0
name <- getLine

The following paragraph is about how the line works. Can someone explain to me what this means? Thank you in advance.

getLine is in a sense impure because its result value is not guaranteed to be the same when performed twice. That's why it's sort of tainted with the IO type constructor and we can only get that data out in I/O code. And because I/O code is tainted too, any computation that depends on tainted I/O data will have a tainted result.

When I say tainted, I don't mean tainted in such a way that we can never use the result contained in an I/O action ever again in pure code. No, we temporarily un-taint the data inside an I/O action when we bind it to a name. When we do name <- getLine, name is just a normal string, because it represents what's inside the box.

Charana
  • 1,074
  • 1
  • 13
  • 26
  • 1
    This question is too broad. You might try another tutorial or haskell book that explains `IO` in a different way that makes more sense to you. – jberryman Oct 10 '15 at 17:57
  • 2
    The accepted answer to the question @jberryman suggested is a nicer explanation than the one in terms of taints that you quoted.

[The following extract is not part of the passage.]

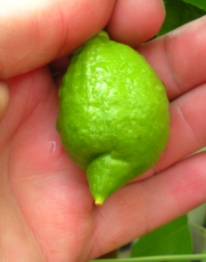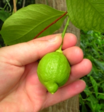 Он действительно совершенно не кислый, даже неспелым. Аромат шкурки приятный, но несколько отличен от лимонного. У тех, кто пробовал, мнения были очень разные, от "так себе" до "очень даже". От лиметты Дольче Романа отличается формой листа и отсутствием законченного желобка вокруг соска. Поэтому сам сосок у большинства плодов скошен в сторону, что особенно заметно у завязей. Говорю "у большинства", потому что плоды получаются разные по форме и размеру. Также у Дольче Романа бергамотовый запах листьев и побегов, а у моего - лимонный.

To it, we might also add that when you do `name <- getLine` and then use `name` elsewhere in the do-block you are specifying what *will* be done with the value obtained through `getLine`, whatever it turns out to be, once the recipe it specifies is executed. – duplode Oct 10 '15 at 18:03
  • 3
    I will be a bit more blunt than others. The paragraph you quoted is not a good way to think about `IO`. (How would you understand `[IO a]` or `IO a -> IO b` or `IO (IO a)` in this model?) You should find a different explanation of what the `IO` type constructor means. – Reid Barton Oct 10 '15 at 18:47

1 Answers1

2

The paragraph hints to the fact that you can't use getLine in a function which has a "pure" type, without the IO monad occurring in it. E.g. if we try to run

lineLength :: Int -> Int
lineLength n = n + length getLine

the compiler will complain because length expects a String (or any other list type) but getLine is an IO String. So there's a type mismatch.

But this does not mean that length and getLine can not be composed: here's how

lineLength :: Int -> IO Int
lineLength n = do
    line <- getLine
    return (n + length line)

Above we temporarily "remove the IO" since line :: String, so that length can be applied to it, and n added to the result. However, then we are forced to use return to transform a pure Int result into an IO Int.

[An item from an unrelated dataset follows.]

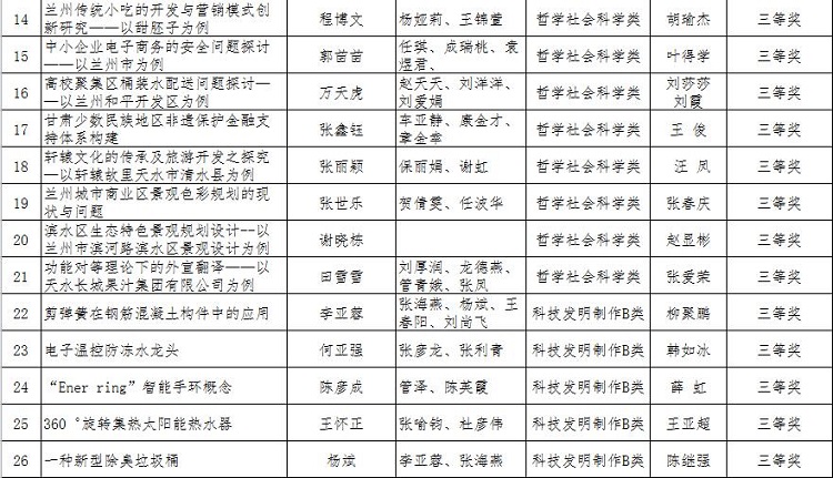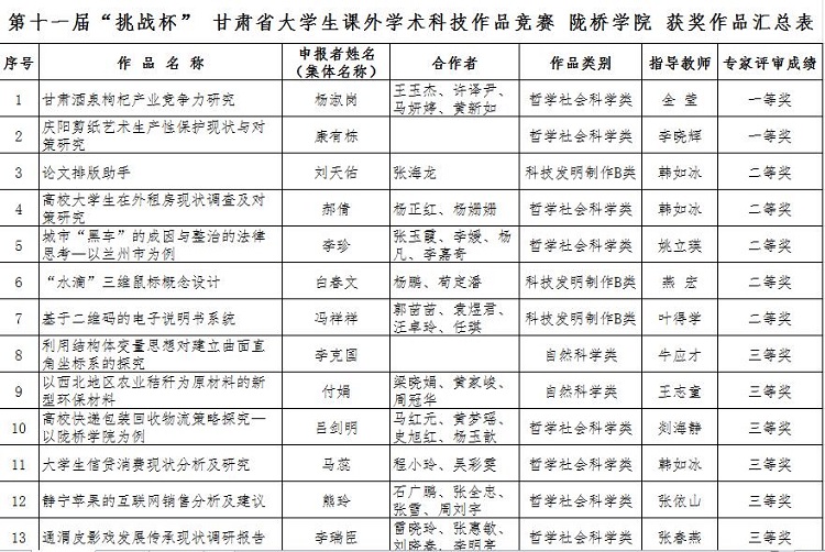 本届大赛陇桥学院通过校内审核、初赛、复赛等环节共申报30件作品参加省赛,最终有26件作品进入终审决赛并获奖,其中由金莹老师指导的《甘肃酒泉枸杞产业竞争力研究》、李晓辉老师指导的《庆阳剪纸艺术生产性保护现状与对策研究》共2件作品获得一等奖;由韩如冰老师指导的《论文排版助手》等5件作品获得二等奖;由张依山老师指导的《静宁苹果的互联网销售分析及建议》等19件作品获得三等奖;学院以760分的团体总成绩在40个参赛单位中位列第15名,并获得“优秀组织奖”。

Notice how the IO also ends up in the function signature: this is unavoidable. In Haskell, if a function does impure things such as using IO, then the type system forces you to use IO in the type. This is the "taint" the quote is referring to: once you use an impure function/value with an IO type, then you have to use IO in the type of your own code, and any caller of that in turn will have to use IO. Impurity must be propagated in the type signatures.

This also means that if you see f :: Int -> Int, you can rely one the fact that the compiler proved the function to be pure: it will return the same result for the same input. (There are a few low-level ways to circumvent this, but they are not meant to be used in regular code.)

chi
  • 111,837
  • 3
  • 133
  • 218